Zach Carter follows up on the nationalized banks fear-mongering with a shout-out to The Nation’s Thomas Ferguson and former Senate Banking Committee economist Robert Johnson, who write about the history and pitfalls on nationalizing banks.
Carter writes on The Media Consortium economic news ladder:
But getting Obama and Treasury Secretary Timothy Geithner on board is only half the battle. In a piece for The Nation, Ferguson and Johnson detail how hedge funds and private equity firms hope to capitalize on a big bank nationalization policy by using political clout to score unfairly cheap prices from the government.
“Much of the wind in the sails of this new push comes from private equity firms like KKR, Blackstone, or their political allies, mostly, though not entirely within the Republican Party,” Ferguson and Johnson write.
When the government nationalized troubled banks with the Resolution Trust Corp. under President George H.W. Bush, politically connected investors made out like bandits when the government resold the banks into the private sector. It is important that this corruption not be repeated. We don’t tolerate our politicians doing favors for wealthy constituents, and we shouldn’t allow our financial regulators to do so either.
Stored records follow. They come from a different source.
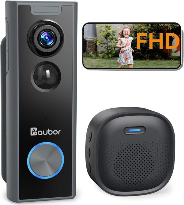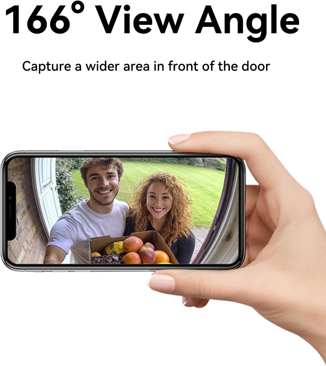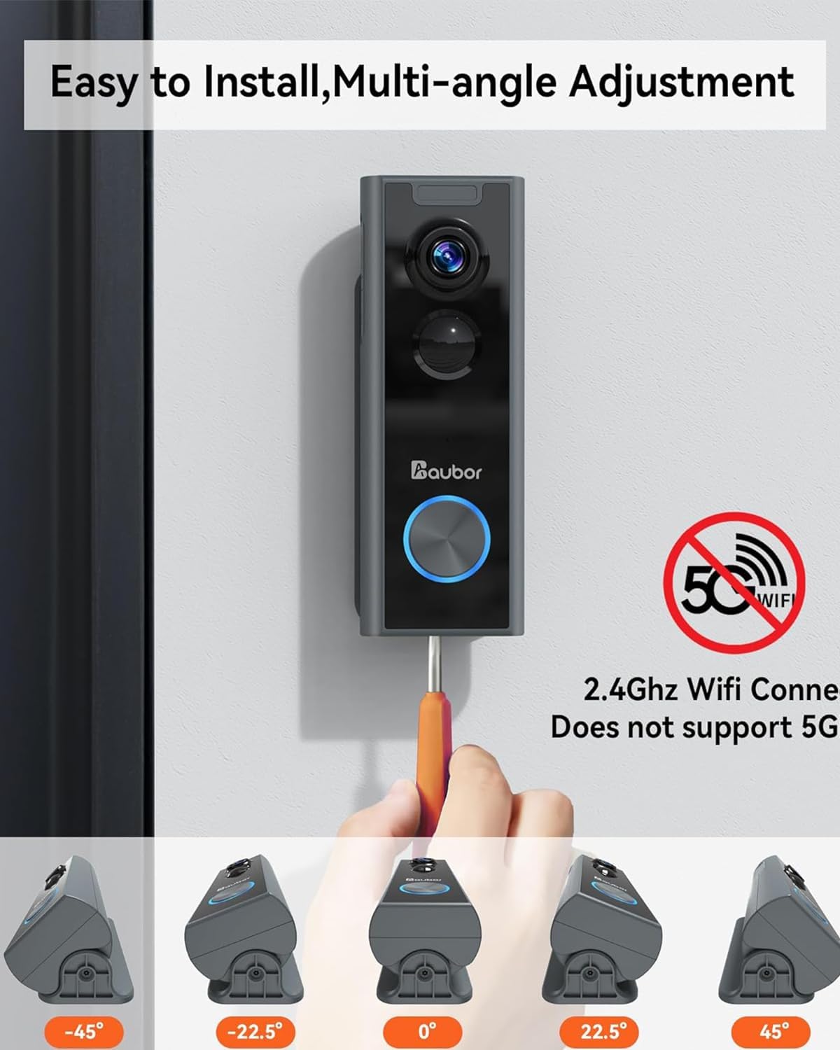 2K QHD & Night Vision — Aubor video doorbell camera now boasts a 2K QHD resolution, delivering sharper real-time images and video. It also features a wide 166° viewing angle, ensuring you capture everything in crystal-clear detail. When it gets dark, the built-in IR lights automatically switch on night vision mode, so you can see clearly even in pitch-black darkness.
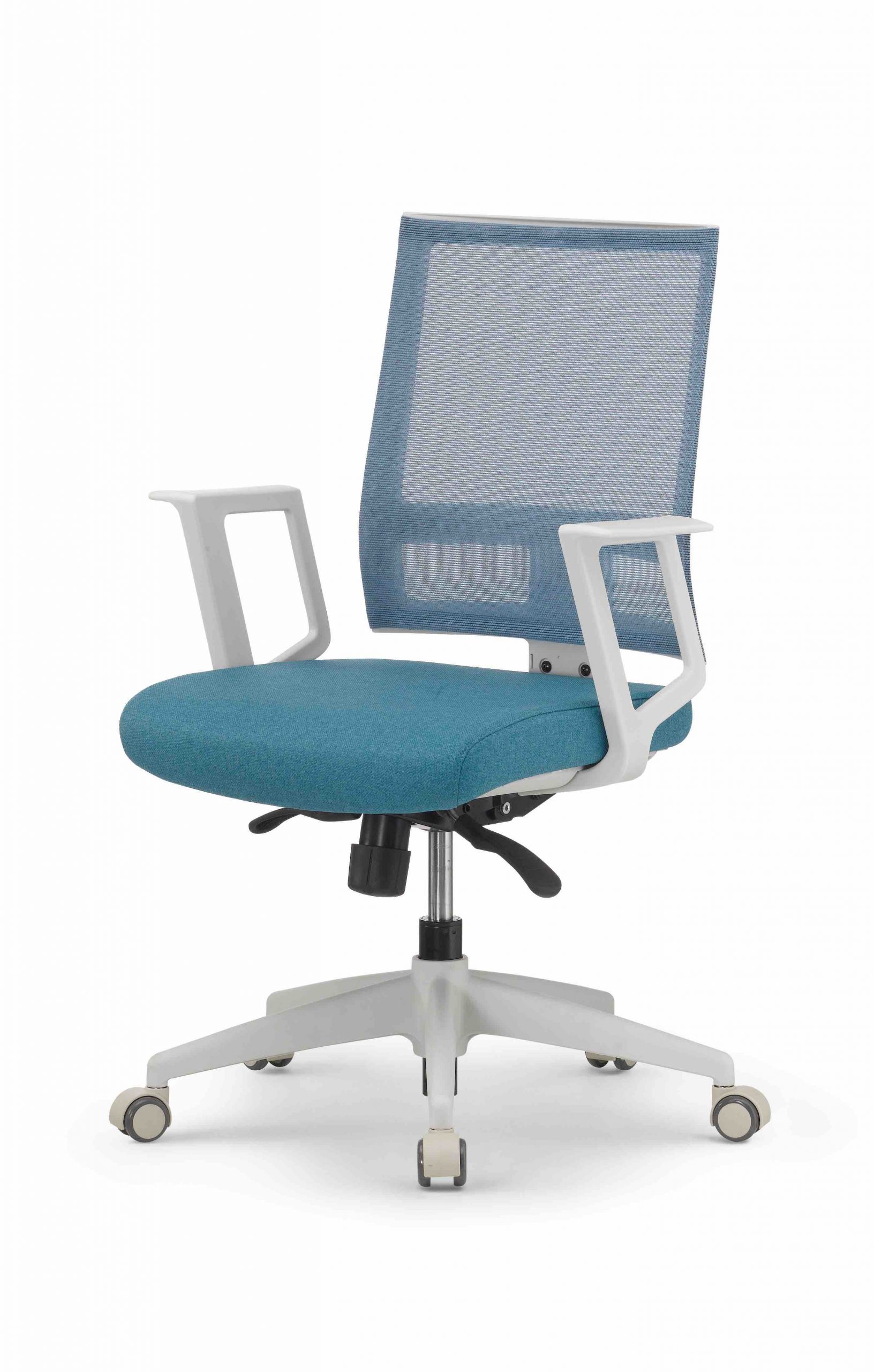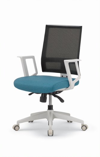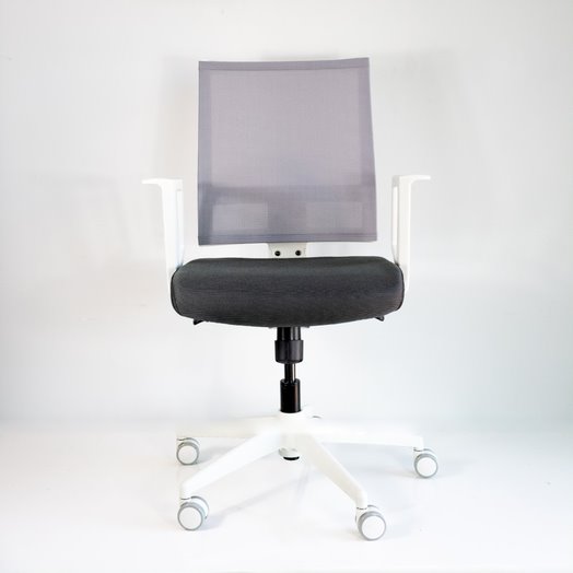 Respaldo en mesh en color: verde, azul, gris o negro. Con reclinamiento de contacto permanente y diferentes posiciones de bloqueo. Asiento con espuma de inyección. Brazos fijos y estructura en poliamida y nylon color blanco mate. Ruedas duales de poliuretano para pisos suaves (alfombra o duela) y pisos duros (piedras o porcelanatos).
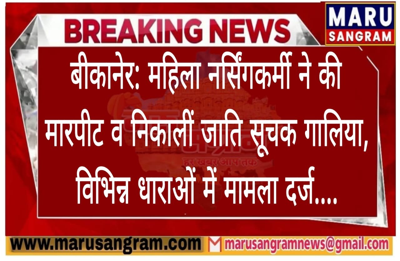 बीकानेर: महिला नर्सिंगकर्मी ने की मारपीट व निकालीं जाति सूचक गालिया, विभिन्न धाराओं में मामला दर्ज….
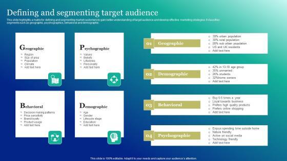 This slide highlights a matrix for defining and segmenting market customers to gain better understanding of target audience and develop effective marketing strategies. It classifies segments such as geographic, psychographics, behavioral and demographic. Get a simple yet stunning designed Comprehensive Guide To Build Marketing Strategy Defining And Segmenting Target Audience Ideas PDF. It is the best one to establish the tone in your meetings. It is an excellent way to make your presentations highly effective. So, download this PPT today from Slidegeeks and see the positive impacts. Our easy to edit Comprehensive Guide To Build Marketing Strategy Defining And Segmenting Target Audience Ideas PDF can be your go to option for all upcoming conferences and meetings. So, what are you waiting for Grab this template today.
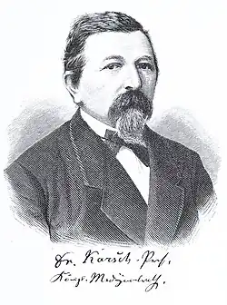 Karsch was born in Münster, the son of district court secretary Ferdinand, and received his early education at the Paulinium Gymnasium. He went to the University of Greifswald in 1842 and received a doctorate in philosophy with a dissertation titled “De quorundam Limnaeorum evolutione" in 1846 and a medical degree with a dissertation titled "De capilliti humani coloribus quaedam". He completed his habilitation at Bonn in 1847 and became a lecturer. In 1948 he became a general practitioner in Münster while also giving lectures. He became a full professor in 1858 and in 1874 he became a member of the medical council. He took an interest in natural history and translated some of Aristotle's works and published on the botany of Westphalia. He was a curator of the natural history museum and was in charge of the herbarium (1848-1871) and the botanical garden (1854-1867). Karsch wrote in the interdisciplinary journal “Natur und Offenbarung” which he helped found and edit from its inception in 1855, writing both on nature and philosophy. He began to study living forms under the microscope, writing about the life of a gnat in 1855, describing microscopic structures of insects and plants. He examined the stomata of leaves and suggested that they might be the point of entry for plant pathogens. He also suggested that plant cells might be able to communicate with each other to respond to microbial infections using the intercellular spaces in an 1855 note on potato diseases.[1] In 1862 he wrote a book appreciating homeopathy.[2] He also wrote a theological text titled as the natural history of the devil ("Naturgeschichte des Teufels") in 1877.[3]
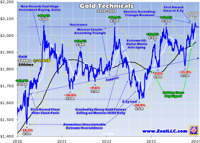 So gold’s record breakout upleg is very much alive and well, and poised to really grow in 2024. Over the past few years or so, gold has carved a massive secular ascending-triangle technical formation. These classic continuation patterns are very bullish, as upside breakouts attract buying amplifying their gains. Gold’s little pullback over this past week is hardly noticeable, a trivial blip in this impressively-bullish chart.
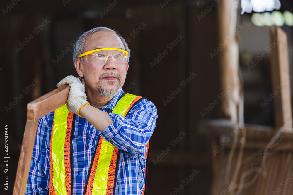 asian senior man carpenter working at workspace. craftsman profession in wood factory.
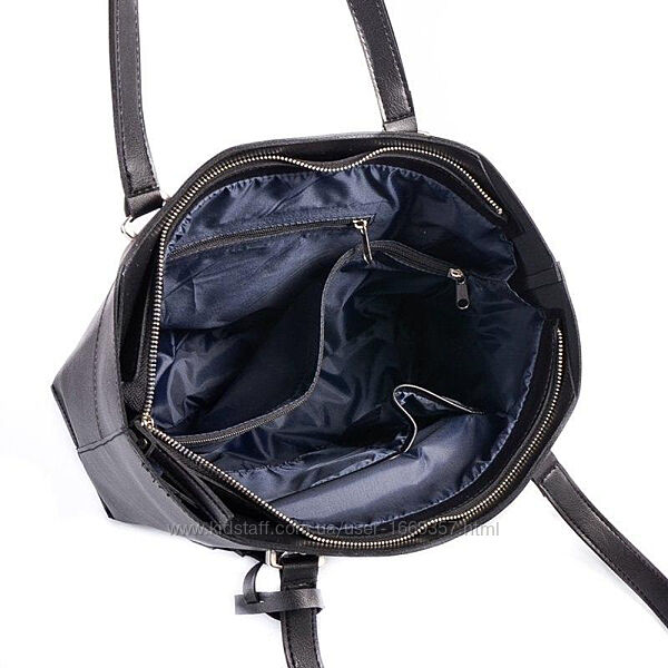 Сумка виготовлена зі штучної шкіри, застібається на блискавкуУсередині сумки два відділу, перегородка на блискавці та 3 кишені, одна з яких на блискавці
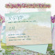Cartes de réponse pour mariage sur la plage avec mention du nombre d'invités. Fond marin avec texte bleu sarcelle foncé. Ce design fait partie de la collection de mariage 'By the Sea'.

But here’s the money quote, so to speak, from the Nation article itself:
Just as with the Resolution Trust, the temptation to looting by politically connected investors is going to be huge. The National Journal recently quoted Robert Dugger, a partner in an investment firm, suggesting that the task of disposing of bad assets “poses every potential problem that Iraq has: corruption, conflicts of interest, theft, and waste of government resources. It’s Blackwater, Halliburton, and KBR, but right here at home.”
Can it be done? Yes. Do the White House and Congress have the political will to see it through? That remains to be seen.